The conference opened with a screening of the feature length documentary 48 (2009) with Portuguese filmmaker Susana De Sousa. Composed entirely of still image portraits taken by various police and security forces of captured political dissidents during the Portuguese dictatorship (1926-1974), the film looks simple but isn’t. As De Sousa noted, she contrasted the official history inscribed in the images with the unofficial history of the sound of the resistance.
The voices of the prisoners, involved in different resistance movements both above ground and underground, describe their political work and how they survived physical and mental torture, including sleep deprivation where prisoners were kept awake for 18 days, endless bouts of dysentary, nails ripped off, bodies assaulted.
We never see current images of the political activists and internees who narrate their stories. Instead, we scrutinize the way the military and security forces rendered their faces into historical records. De Sousa explained that she decided to never show the people "because that would divide the film into times, the present and the past, and I wanted to bring the experience and memories to the present, in a more complex temporality with the images.” The film does not focus on individuals, but instead exposes the system of the fascist dictatorship in Portugal, a history still repressed and silenced.
Organized by documentary scholars Alisa Lebow (Brunel University)and Michael Chanan (Roehampton University), the annual Documentary Now! Conference in London bills itself as a “conference on the contemporary contexts and possibilities of the documentary.” Lebow and Chanan have written extensively on the forms and function of the committed documentary.
Both have championed moving documentary film studies away from its American/Eurocentric axis: Lebow has not only advanced queer documentary, but Turkish Cinema, and Chanan is a leading figure in writing about Cuban and Latin American Cinema. The conference bears their imprint, because its organization refuses to accept safe categories or traditional thinking about documentary. For example, smaller symposia often feature mostly senior, established scholars. But Lebow and Chanan programmed almost as many PhD students as senior level heavyweights.
In the context of the mammoth job-marketing, career-advancing conferences mounted by the likes of the Society for Cinema and Media Studies (SCMS) and the International Communication Association (ICA), the intense collegiality and think tank intensities of a smaller conference like Documentary Now function as a most welcome and much-needed respite.

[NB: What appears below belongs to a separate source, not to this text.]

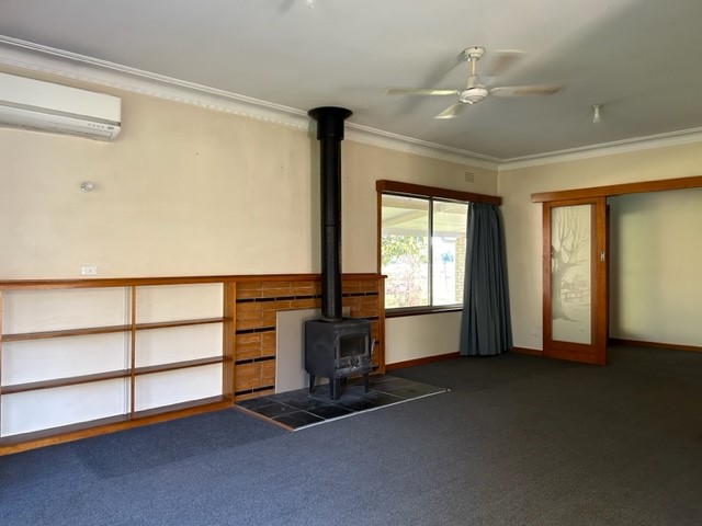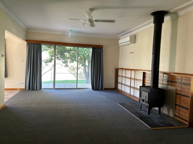 Offering three bedrooms all with ceiling fans and built in wardrobes. A spacious lounge lounge room with split system heating and cooling plus fire place.

Documentary Now offers a place to test out new edgy ideas, connect with scholars and makers pushing the envelope of scholarship, and engage in conversations about ideas rather than about program cuts, tenure battles, and the end of the humanities as we used to know it.
The three days of panels and presentations mapped the unresolved political and ethical issues contemporary documentary studies engages. An outstanding, provocative panel called “Dis/Embodied Voices” featured scholars Bella Honess (England), Patrik Sjoberg (Sweden) and Laura Rascaroli (Ireland) probing how the fracturing of sound, voice, image, portrait, face challenge the documentary referent as unified, suggesting documentary form as a philosophical, rather than representational, enterprise.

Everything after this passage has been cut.